Entries supplied:
+ + +
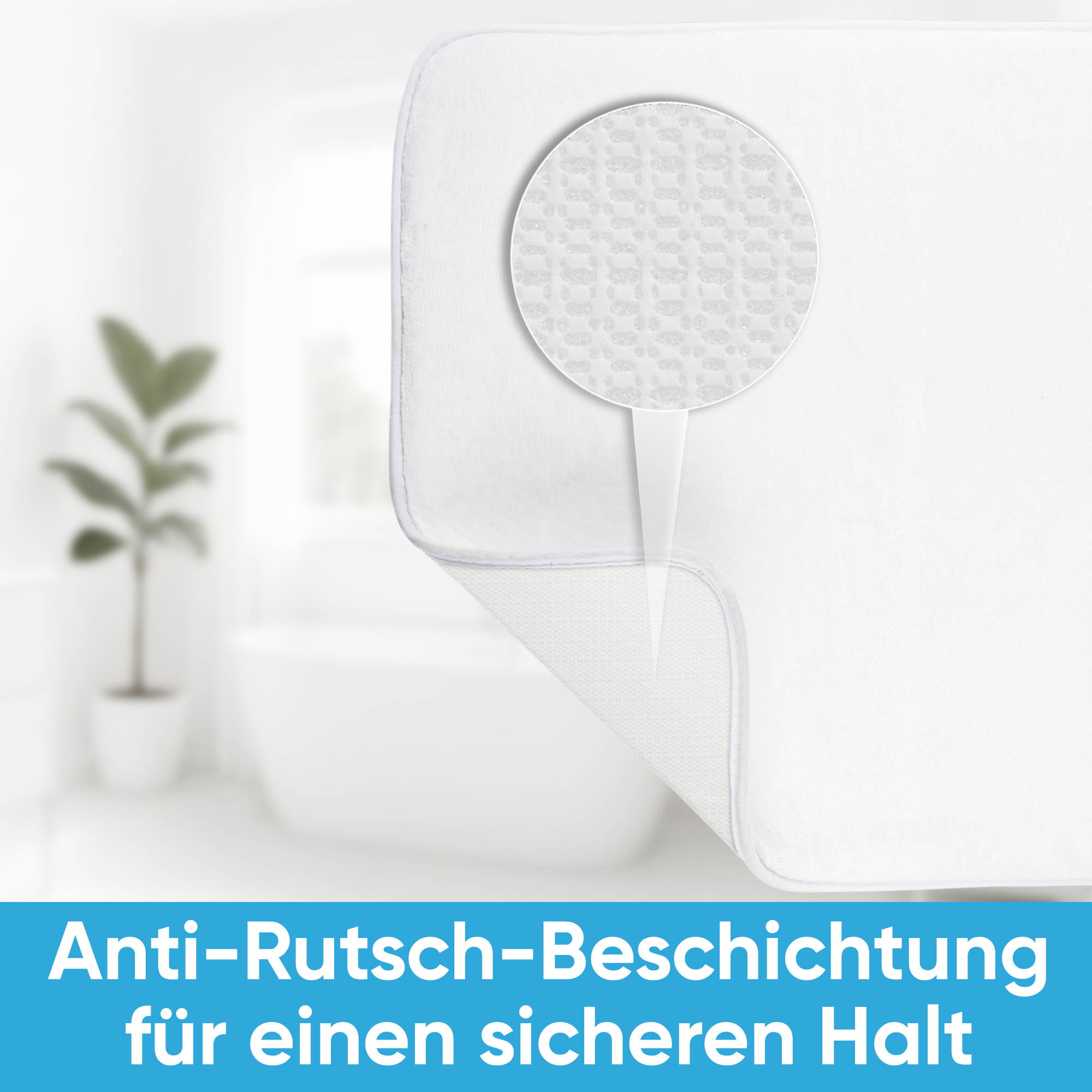 Due to its anti-slip underside, the bath rug doesn’t move away. It is also suitable for bathrooms with underfloor heating.
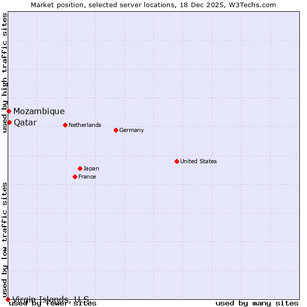 TechnologiesContent ManagementServer-side Languages Client-side Languages JavaScript Libraries CSS Frameworks Web Servers Web Panels Operating Systems Web Hosting Data Centers Reverse Proxies DNS Servers Email Servers SSL Certificate Authorities Content Delivery Traffic Analysis Tools Advertising Networks Tag Managers Social Widgets Site Elements Structured Data Markup Languages Character Encodings Image File Formats Top Level Domains Server Locations Content Languages | Technologies > Server Locations > Technology usage comparison Comparison of the usage statistics of Qatar vs. Mozambique vs. Virgin Islands, U.S. for websitesThis report shows the usage statistics of Qatar vs. Mozambique vs. Virgin Islands, U.S. as server location on the web. See technologies overview for explanations on the methodologies used in the surveys. Our reports are updated daily. UsageThis diagram shows the percentages of websites using the selected technologies. How to read the diagram:
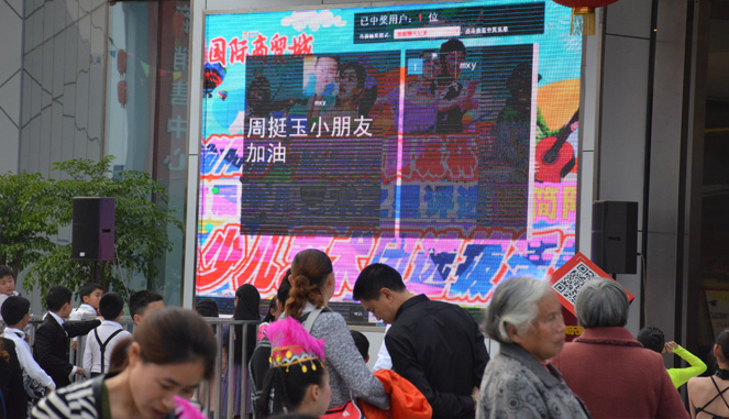 在紧张的选拔比赛期间,为了缓解现场气氛,活动举办方还准备了好玩的微信上墙活动,为自己喜欢的小朋友投票加油。同时,亿联商贸城还向大家开放游乐设施,为参加比赛的小选手们加油打气,为来到活动现场的小朋友们送上童年的欢乐。
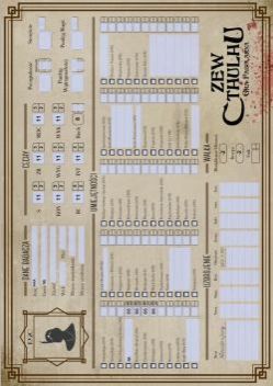 Karta Badacza (postaci) do polskiej edycji Zewu Cthulhu RPG¸ wersja do gry w epoce lat dwudziestych XX w. (1920).
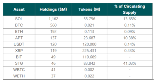 至于如何来,FTX 的钱包足以说明问题。早在 2023 年 8 月底,股东报告就对 FTX 加密资产进行了披露,10 大币种占据 FTX 加密资产总持仓的 72%,当时持仓总价值约 32 亿美元,其中 SOL 持仓最多,达到了 5500 万枚,BTC 持有约 21000 枚,ETH 持有 11.3 万枚。
+ + +
Exercise goal: Your answer should hold only the lines from the one with "在紧张的选拔比赛期间,为了缓" through the final line of the listing above, transcribed exactly and without pictures.

Result for this exercise:
 在紧张的选拔比赛期间,为了缓解现场气氛,活动举办方还准备了好玩的微信上墙活动,为自己喜欢的小朋友投票加油。同时,亿联商贸城还向大家开放游乐设施,为参加比赛的小选手们加油打气,为来到活动现场的小朋友们送上童年的欢乐。
 Karta Badacza (postaci) do polskiej edycji Zewu Cthulhu RPG¸ wersja do gry w epoce lat dwudziestych XX w. (1920).
 至于如何来,FTX 的钱包足以说明问题。早在 2023 年 8 月底,股东报告就对 FTX 加密资产进行了披露,10 大币种占据 FTX 加密资产总持仓的 72%,当时持仓总价值约 32 亿美元,其中 SOL 持仓最多,达到了 5500 万枚,BTC 持有约 21000 枚,ETH 持有 11.3 万枚。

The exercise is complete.